Rung 4 — Solution builder
At rung 4, you stop using AI tools and start building them.
This is the rung where you notice the same forty-five-minute task happening every Wednesday and you build an agent that handles it for you. Where you walk out of a customer meeting and your follow-up draft is already in your inbox by the time you reach your desk. Where the spreadsheet you used to maintain by hand becomes a workflow that runs on its own. Where your hard-won pattern stops dying in your head and starts working for the rest of your team.
This is also the rung where the math gets dramatic. A single solution built at rung 4 can save hundreds of hours per year and replace a SaaS subscription that didn't quite fit. A team of solution builders can rebuild how a department operates, fast, without waiting six months for IT to deploy a new vendor.
And here's the honest part: somewhere between 10 and 20 percent of people will ever get to rung 4. That's not a problem. It's the model. Not everyone wants to build. Not everyone has the bandwidth. But the people who do reach rung 4 generate compounding value for the organization — and they tend to be the people who would have been your highest-leverage employees regardless. Lucy doesn't try to drag everyone to rung 4. Lucy makes the climb available to anyone who wants it, with coaching that meets them in their actual work.
Why most rollouts skip past rung 2
The conventional AI rollout playbook is built around two beats: "give people the tools" (rung 1) and "show them what's possible" (a glimpse of rung 4 in a vendor demo). The middle — rung 2 and rung 3 — is treated as something that "just happens" once people see the tools.
It doesn't. The middle is where coaching matters most, where almost no rollout invests, and where the actual capability is built. Companies spend billions on AI tools and consulting and training, and the middle stays empty.
Lucy Labs exists to fill that middle. Not by running another training course. Not by deploying another tool. By coaching people in the moment, on their actual work, until the universal capabilities at rung 2 become muscle memory — and then making the next rungs available for the people who want to climb.
What this means for you
If you're an individual reading this: figure out which rung you're on. Be honest. Most people overestimate themselves by half a rung. Then ask yourself which rung you actually want to be on. Maybe it's rung 2 — and that's a perfect goal. Maybe it's rung 4 — and Lucy is built for you.

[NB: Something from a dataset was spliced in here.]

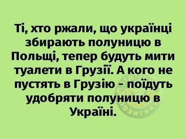 Кацапня едет по Украине, тут голос: -Один Український воін, краще за 10 ваших солдатів. Командир коцапов: -Не понял, а ну 10 солдат туда. Буб, бум, бац, бац. Голос из за бугра: -Я вам так кажу, один Український воін краще ніж 100 ваших солдатів. Командир коцапов: -Не понял, а ну сто человек туда. Бум бум, бац, бац. Голос из за бугра: -Я вам так кажу, один Український воін краще ніж 1000 ваших солдатів. Командир коцапов: -Я не понял, а ну.... Вылазит из за бугра раненый кацап: -Командир, не посылай туда никого, это засада, там их двое.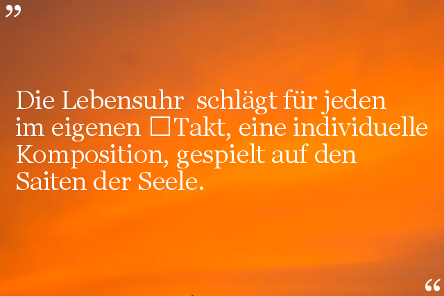 Die Lebensuhr schlägt für jeden im eigenen Takt, eine individuelle Komposition, gespielt auf den Saiten der Seele.

If you're rolling out AI for a team: stop optimizing for the demos at rung 4 and start optimizing for the muscle at rung 2. The math works in your favor. Get your whole team to rung 2 and you've already won most of the productivity gain. The handful who keep climbing to rungs 3 and 4 give you the upside.
If you're building the AI strategy for your company: the gap between "we have AI tools" and "we have AI capability" is exactly the gap we describe here. Closing it is not optional anymore. The companies that close it own the next decade. The companies that don't will keep wondering why their pilot didn't deliver.